— Information provided —
........

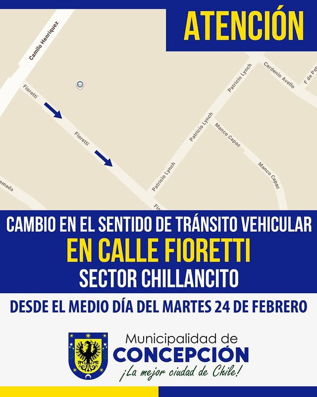 A partir del mediodía de este 24/02 la calle Fioretti, del sector de Chillancito de Concepción, cambia el sentido de tránsito entre las calles Camilo Henríquez y Patricio Lynch, con sentido único hacia Patricio Lynch.
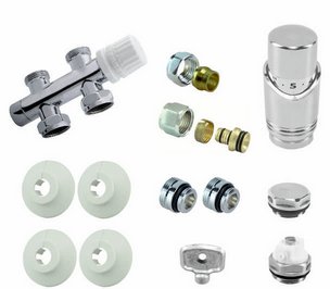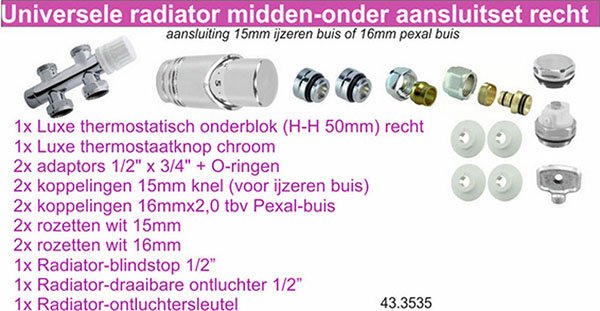 Complete set om een radiator met een midden-onder aansluiting aan te sluiten. Geschikt voor zowel 15mm knel of 16mm Pexal kunststof buis.
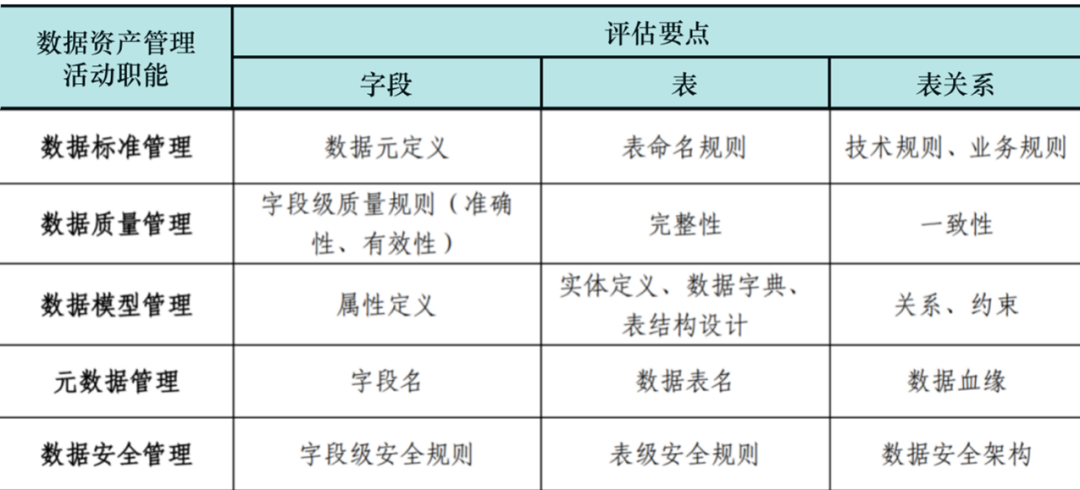 建立各活动职能的实施细则与操作规范。组织级数据资产标准规范体系指各活动职能下对数据技术设计、业务含义的标准化。以结构化数据为例,标准化的对象包括字段、表以及表间关系,对于各对象的标准化内容如表2所示。此外,结合数据资产管理相关管理办法,形成各活动职能的实施细则、操作规范,为数据资产管理的有效执行奠定良好基础。

........

— Task statement —
All of the data above needs to be given again exactly. Leave out each image.

— Response to this exercise —
 A partir del mediodía de este 24/02 la calle Fioretti, del sector de Chillancito de Concepción, cambia el sentido de tránsito entre las calles Camilo Henríquez y Patricio Lynch, con sentido único hacia Patricio Lynch.
 Complete set om een radiator met een midden-onder aansluiting aan te sluiten. Geschikt voor zowel 15mm knel of 16mm Pexal kunststof buis.
 建立各活动职能的实施细则与操作规范。组织级数据资产标准规范体系指各活动职能下对数据技术设计、业务含义的标准化。以结构化数据为例,标准化的对象包括字段、表以及表间关系,对于各对象的标准化内容如表2所示。此外,结合数据资产管理相关管理办法,形成各活动职能的实施细则、操作规范,为数据资产管理的有效执行奠定良好基础。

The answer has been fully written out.